Three subway passengers in Boston saved a man who fell onto tracks on Wednesday evening, the Boston Herald reported.
In the surveillance footage at North Station, the 33-year-old Malden man appeared to walk off the Orange Line platform and fall directly into the tracks. Passengers immediately noticed the man's fall and within 20 seconds, people jumped down to rescue him.
"Within in a couple of minutes of falling onto the tracks, the man was helped out by some customers," said Massachusetts Bay Transportation Authority (MBTA) spokesman Joe Pesaturo.
While three men leaped into the tracks from the platform the man fell off of, a fourth man crossed tracks from another platform to assist the rescue.
Other passengers ran to locate MBTA authorities and notify them of the incident.
"Shortly after 9 p.m., a customer approached an MBTA employee in the North Station mezzanine to report that someone was on the tracks downstairs," Pesaturo said. "The employee notified the Orange Line dispatcher who immediately directed trains in the vicinity to stop."
The man told a police officer he had two drinks earlier in the night to celebrate passing the medical boards and did not remember falling on to the tracks. After he was rescued, he was alert and conscious.
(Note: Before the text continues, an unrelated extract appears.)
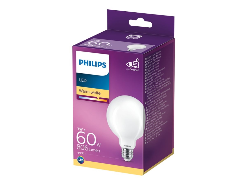 Philips - Led-Glödlampa - Form: G93 - Glaserad Finish - E27 - 7 W (Motsvarande 60 W) - Klass E - Varmt Vitt Ljus - 2700 K

Pesaturo added the man was not in danger of a train at the moment, but also noted that there was no way to know when the next one was coming.
He sustained a minor head injury and was taken to Massachusetts General Hospital.
Earlier this month, MBTA authorities created a new safety campaign telling subway riders to wait for their trains behind a "yellow tactile warning strip" to avoid accidents like this, Pesaturo said.